Armonk Outdoor Art Show // Paintings by Janet Mait

Also this week, we’re preparing for the 50th Armonk Outdoor Art Show this weekend. Janet Mait will be showing paintings from her New Shoes Collection. The event is sponsored by the Friends of the North Castle Library. The event supports the library, it has become a Fall ‘go to’ event for many.

It’s been raining while the tents were being set up today and the forecast is not great for the weekend...its a well-attended show and a great way to spend a Fall weekend. So, hoping for some sun, or at least a break from the rain. Several months ago, Janet and I talked about and planned for the Armonk Art Show, its very different from a gallery setting. When we spoke again recently, she talked about preparing to paint and planning for the outdoor show.

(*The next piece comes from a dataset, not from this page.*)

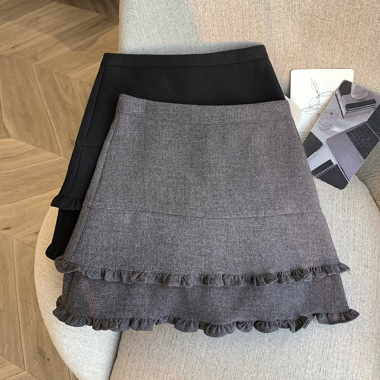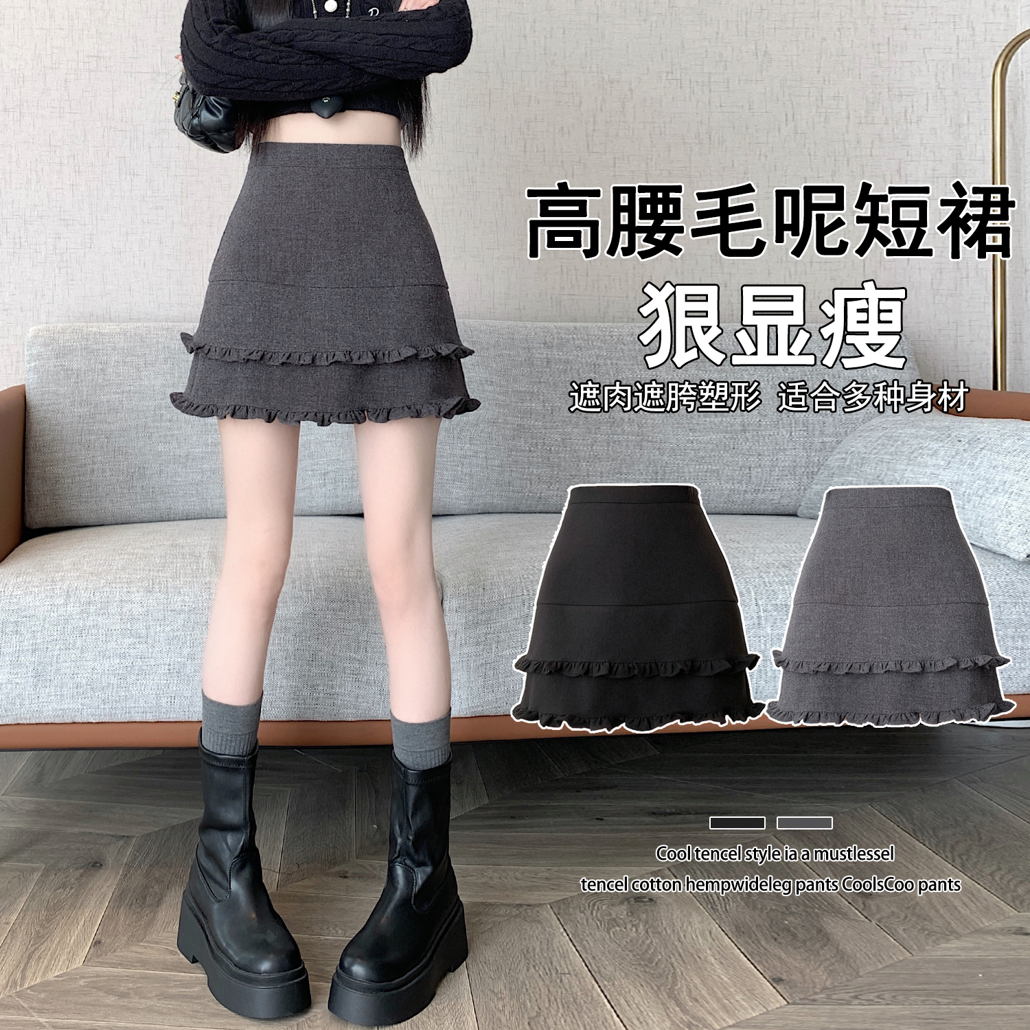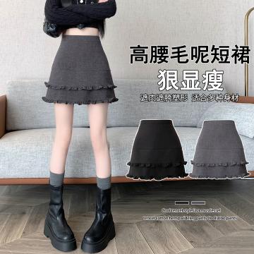 FA50899# 韩版设计感高腰木耳边毛呢半身裙秋冬百搭显瘦半身裙A字裙 服裝批發女裝批發服飾貨源

“I begin my day by biking through Central Park to the Art Students League …when I  get to the studio I set up. then eat my lunch contemplating and planning my next move. Often, I use my headset and listen to Opera at the same time.  The combination of the exercise, the thrill of biking in NYC, my music, all contribute to an exhilarating feeling when I paint.

After having a show in Chelsea….I am looking forward to the very different venue of the Armonk Arts Fair…another opportunity to share.”

We are both looking forward to a fun, new experience...and hopefully a dry one!

Janet's positive energy comes through her work, through the vibrant colors and strong compositions. I enjoy seeing the responses the paintings elicit, “...they’re happy paintings” and “they make me smile!” are typical comments. This speaks to Janet and how she has come through a difficult time in her life with strength and optimism.